WTAW (1620 kHz), branded as "News Talk 1620 94.5 WTAW", is a commercial talk AM radio station licensed to serve College Station, Texas. Owned by the Bryan Broadcasting Company, WTAW covers College Station, Bryan and much of the Brazos Valley. Its studios and transmitter site are located in College Station.

In addition to a standard analog transmission, WTAW broadcasts in HD Radio, utilizing the in-band on-channel hybrid standard, is simulcast over low-power FM translator K233DU (94.5 FM) College Station, and is available online.

Programming

WTAW personality Scott DeLucia hosts the morning-drive program, The Infomaniacs along with Chelsea Reber on news and Zach Taylor on sports. The show is best known for quick wit and Zach being made fun of by the other hosts.

The Glenn Beck Program, The Clay Travis and Buck Sexton Show (a direct successor to The Rush Limbaugh Show), and The Sean Hannity Show (via Premiere Networks) air during the late morning, midday, and afternoons, respectively. Joe Pags (via Compass Media Networks), Coast to Coast AM (via Premiere) and This Morning, America's First News with Gordon Deal (via Compass) also air on the station. Weekend hosts include Kim Komando and Bill Cunningham.

History

KAZW / KZNE 

WTAW originated as the expanded band "twin" of an existing station on the standard AM band. On March 17, 1997 the Federal Communications Commission (FCC) announced that eighty-eight stations had been given permission to move to newly available "Expanded Band" transmitting frequencies, ranging from 1610 to 1700 kHz, with the then-WTAW on 1150 kHz authorized to move to 1620 kHz.
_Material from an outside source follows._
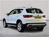 Outside temperature gauge, Progressive power assisted steering, Rear view camera, SEAT drive profile with driving experience button - Normal, Sport, Eco and Individual mode, gearshift, steering and throttle response, Self parking functionality (includes front and rear parking sensors), Trip computer, Wireless full link smartphone integration, Wireless phone charger, Steering wheel mounted audio/phone controls, Black simulated exhaust pipes, Body colour bumpers, Body coloured wheel arch surrounds, Chrome front grille frame, Chrome roof rails, Chrome side window trim, Dark tinted rear windows, Daytime running lights, Door mirrors with welcome light silhouette, Dynamic headlight range control with self adjusting whilst driving, Electric adjustable/heated/folding door mirrors, Front and rear electric windows, Front grille hot stamping, Full LED headlamps with lens and LED front fog lamps with cornering function, Illuminated aluminium front door sill, LED rear tail lights with dynamic indicators, Rear fog lights, Rear wash/wipe, Reflex silver side mouldings, 12v socket in front, 60/40 split folding rear seat, Dual zone climate control, Front and rear head restraints, Front centre armrest, Front seat back storage pockets, Height adjustable driver and passenger seat with lumbar adjustment, ISOFIX points in outer rear seats with top tether anchorage points, Leather steering wheel and gear knob, Microsuede upholstery with front comfort seats, Rear armrest and easy back seat release mechanism from boot, Steering wheel mounted gearshift paddles, Storage compartment under driver's seat, Convenience pack - Ateca, Interior lighting pack - Ateca, Navigation system pack with DAB - Ateca, Safe and driving pack - Ateca, 3x3 point rear seatbelts, ABS, Traction control system (TCS), Electronic stability control (ESC) and Electronic differential lock system (XDS), Airbags - Driver and front passenger airbag with deactivation, front side, two curtain and driver's knee airbags, Electric parking brake with auto hold function, Front and rear seatbelt reminder, Hill hold control, Tiredness recognition system, Traction control, Tyre pressure monitoring system, Alarm, Keyless entry, Locking wheel bolts, Chrome interior detailing, 18"Brillaint silver alloy wheels,

An application for the expanded band station was filed on June 16, 1997, which on January 9, 1998 was assigned the call letters KAZW, which were changed on March 1, 2000 to KZNE.

The FCC's initial policy was that both the original station and its expanded band counterpart could operate simultaneously for up to five years, after which owners would have to turn in one of the two licenses, depending on whether they preferred the new assignment or elected to remain on the original frequency. However, this deadline has been extended multiple times, and the stations on both 1150 and 1620 kHz have remained authorized. One restriction is that the FCC has generally required paired original and expanded band stations to remain under common ownership.

WTAW 

On May 3, 2000 the stations on 1150 and 1620 kHz swapped identities, with 1150 becoming sports radio KZNE (while maintaining its longtime role as the flagship of Texas A&M Aggies athletics), and 1620 inheriting the historic WTAW call letters and its talk radio format. Although for the average listener this meant that WTAW had moved from 1150 to 1620 kHz, and KNZE had done the reverse, according to FCC regulatory practices the same station on 1620 kHz continued to be licensed (Facility ID 87145 in FCC nomenclature), with just call letter changes taking place.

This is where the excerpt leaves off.